§ Task item
Transcribe every entry word for word, but drop the pictures.

Records START

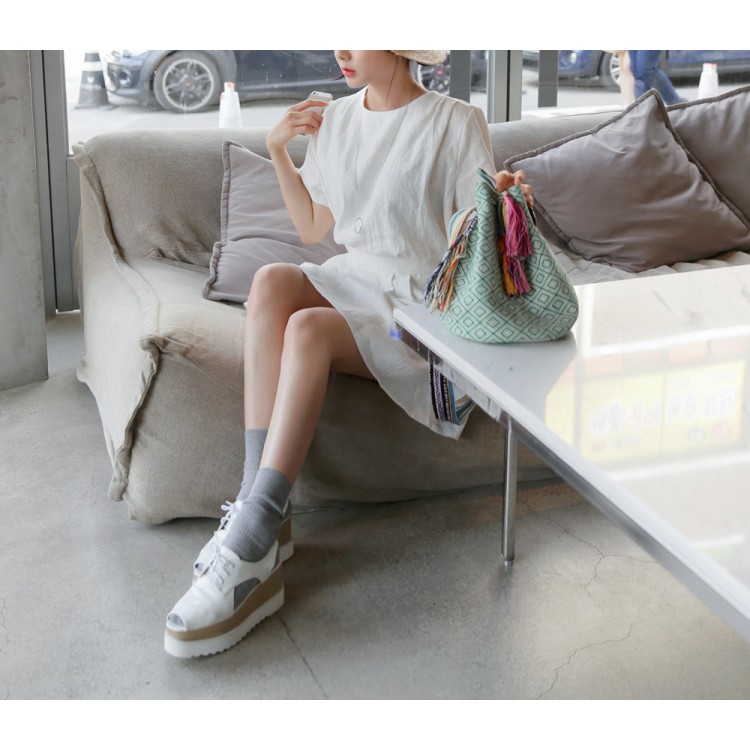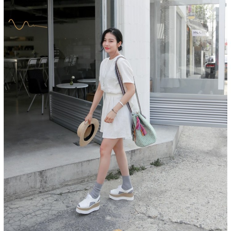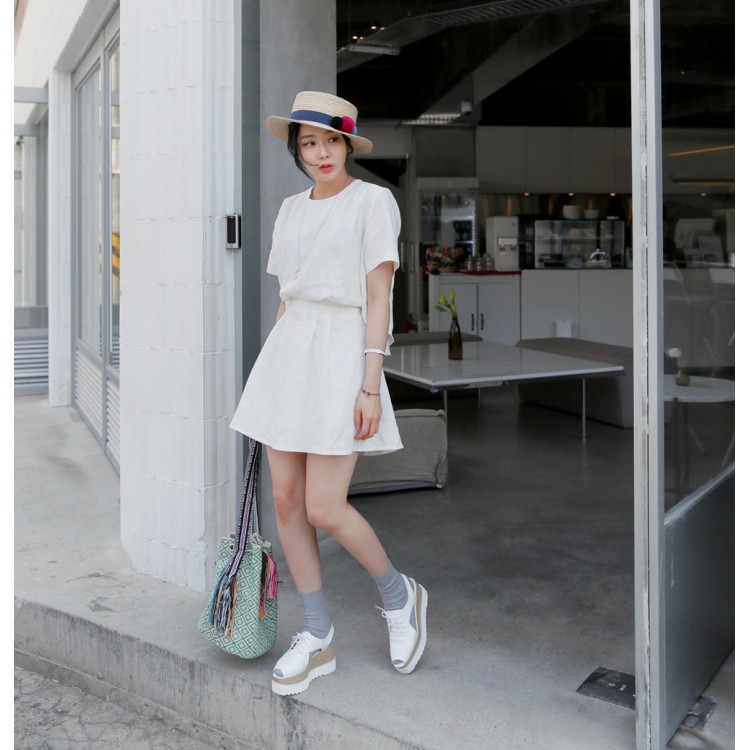 TE2220ALFS Abito dalla linea ad A in due pezzi finti alla moda coreana
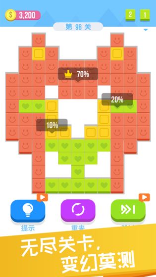 2.方块的颜色更是让玩家眼前一亮,容易堆积。
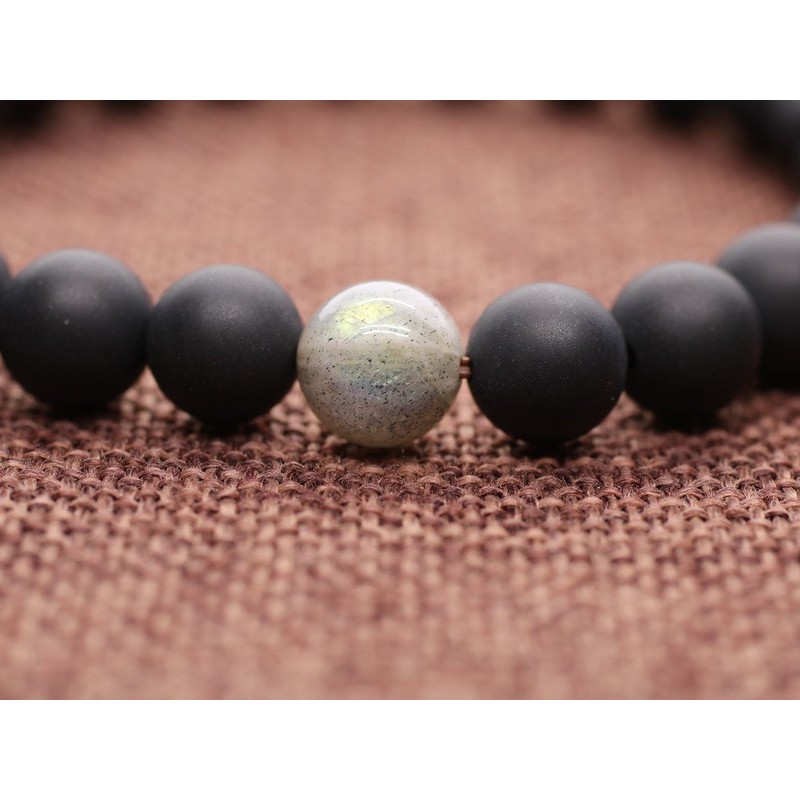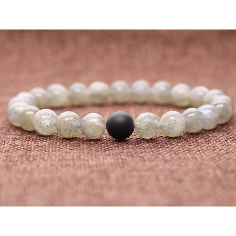 - These his and hers bracelets features 8mm Labradorite & Matte Onyx
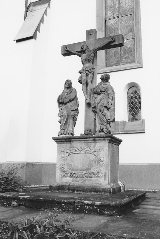 An der Westseite der Kirche barocke Kreuzigungsgruppe von Anton Wermerskirch, 1710. Bewegte Figurengruppe aus Sandstein auf einem rechteckigen Sockel mit floral gerahmter Kartusche.
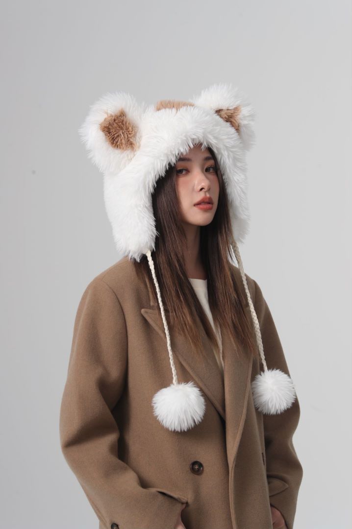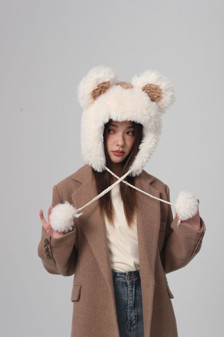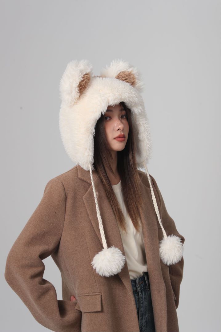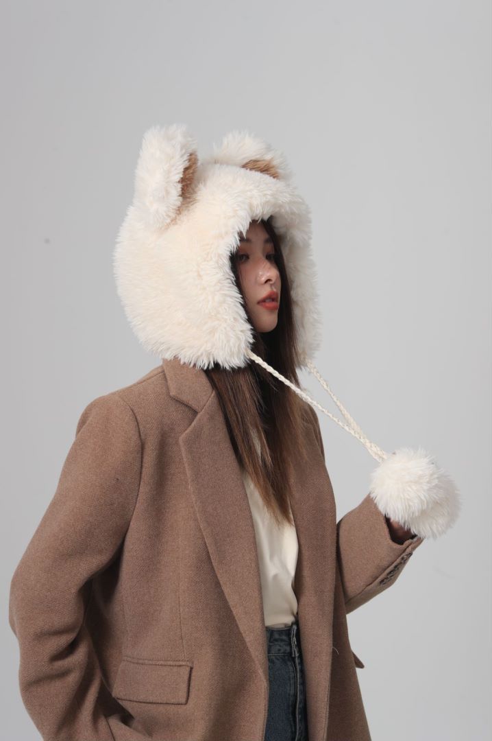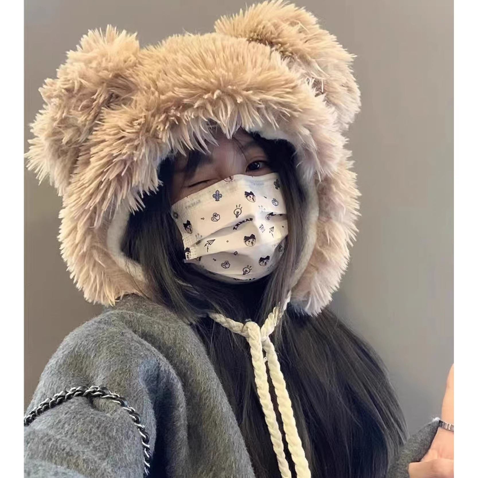 かわいいベアー帽子マフラー一体女性冬耳雷鋒帽ぬいぐるみ自転車保温スキー

Records END

§ Exercise solution
 TE2220ALFS Abito dalla linea ad A in due pezzi finti alla moda coreana
 2.方块的颜色更是让玩家眼前一亮,容易堆积。
 - These his and hers bracelets features 8mm Labradorite & Matte Onyx
 An der Westseite der Kirche barocke Kreuzigungsgruppe von Anton Wermerskirch, 1710. Bewegte Figurengruppe aus Sandstein auf einem rechteckigen Sockel mit floral gerahmter Kartusche.
 かわいいベアー帽子マフラー一体女性冬耳雷鋒帽ぬいぐるみ自転車保温スキー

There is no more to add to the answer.